Changes to the DWARF Specification
----------------------------------

Section 2.2 ("Attribute Types")

In Figure 2, add the following rows:

    Attribute name            Identifies or Specifies
    --------------            -----------------------
    DW_AT_ranges_base         Base offset for range lists

Section 2.17.3 ("Non-Contiguous Address Ranges")

The second paragraph currently reads as follows:

    Range lists are contained in a separate object file section
    called .debug_ranges. A range list is indicated by a
    DW_AT_ranges attribute whose value is represented as an
    offset from the beginning of the .debug_ranges section to the
    beginning of the range list.

At the end of this paragraph, add the following sentences:

    If the current compilation unit contains a DW_AT_ranges_base
    attribute, the value of that attribute establishes a base
    offset within the .debug_ranges section for the compilation
    unit. The offset given by the DW_AT_ranges attribute is
    relative to that base.

Section 3.1.1 ("Normal and Partial Compilation Unit Entries")

In the numbered list introduced by "Compilation unit entries may
have the following attributes:", add the following item:

    14. A DW_AT_ranges_base attribute, whose value is a reference.
        This attribute points to the beginning of the compilation
        unit's contribution to the .debug_ranges section.
        References to range lists (using DW_FORM_sec_offset)
        within the compilation unit must be interpreted as
        offsets relative to this base.

Section 7.5.4 ("Attribute Encodings")

In Figure 20, add the following row to the table:

    Attribute name            Value    Classes
    --------------            -----    -------
    DW_AT_ranges_base         [TBA]    rangelistptr

Appendix A ("Attributes by Tag Value")

In Figure 42, in the table entries for DW_TAG_compile_unit and
DW_TAG_partial_unit, add DW_AT_ranges_base.

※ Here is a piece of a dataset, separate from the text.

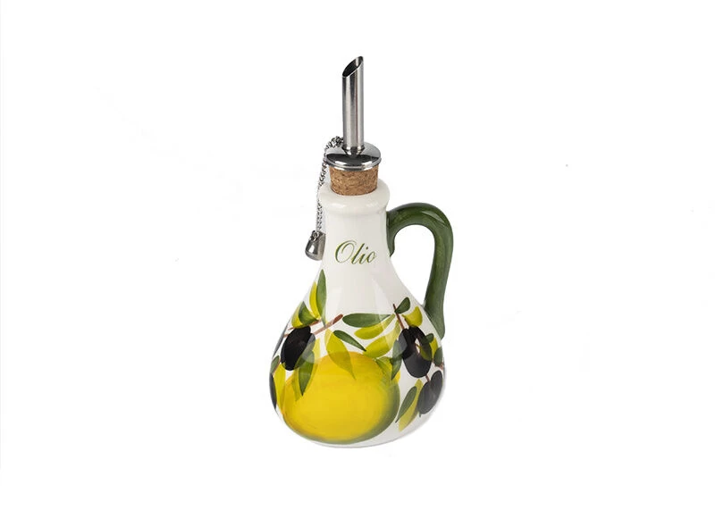 De Oldenhof olijfoliefles is gemaakt van wit aardewerk en voorzien van een decoratie van olijven en citroenen. De producten van Piccobella zijn ambachtelijk vervaardigd en handbeschilderd in Italië. Omdat het artikel met de hand gemaakt wordt kan het wat afwijken van de foto.

In Chapter 7, add a new section after Section 7.24:

7.xx Range List Table

    Each set of entries in the address table contained in
    the .debug_ranges section begins with a header containing:

        1.  unit_length (initial length)
            A 4-byte or 12-byte length containing the length of
            the set of entries for this compilation unit, not
            including the length field itself. In the 32-bit
            DWARF format, this is a 4-byte unsigned integer
            (which must be less than 0xfffffff0); in the 64-bit
            DWARF format, this consists of the 4-byte value
            0xffffffff followed by an 8-byte unsigned integer
            that gives the actual length (see Section 7.4).

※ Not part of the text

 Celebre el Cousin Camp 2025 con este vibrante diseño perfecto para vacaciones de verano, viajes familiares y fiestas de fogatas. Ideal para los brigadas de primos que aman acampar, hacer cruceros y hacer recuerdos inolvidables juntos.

        2.  version (uhalf)
            A 2-byte version identifier containing the value 1
            (see Appendix F).

        3.  address_size (ubyte)
            A 1-byte unsigned integer containing the size in
            bytes of an address (or the offset portion of an
            address for segmented addressing) on the target
            system.

        4.  segment_size (ubyte)
            A 1-byte unsigned integer containing the size in
            bytes of a segment selector on the target system.

    This header is followed by a series of range list entries as
    described in Section 2.17.3. The segment size is given by the
    segment_size field of the header, and the address size is
    given by the address_size field of the header. If the
    segment_size field in the header is zero, the segment
    selector is omitted from the range list entries.

    The DW_AT_ranges_base attribute must point to the first entry
    following the header. The entries are referenced by a byte
    offset relative to this base address.

Appendix A ("Attributes by Tag Value")

In Figure 42, in the table entries for DW_TAG_compile_unit and
DW_TAG_partial_unit, add DW_AT_ranges_base.

Appendix F ("DWARF Section Version Numbers")

In Figure 97, replace the row for .debug_ranges with the
following:

    Section Name      V2    V3    V4    V5
    ------------      --    --    --    --
    .debug_ranges      x     x     x     5


---
Accepted 3/19/2013
Revised 5/26/2013:  Added section header.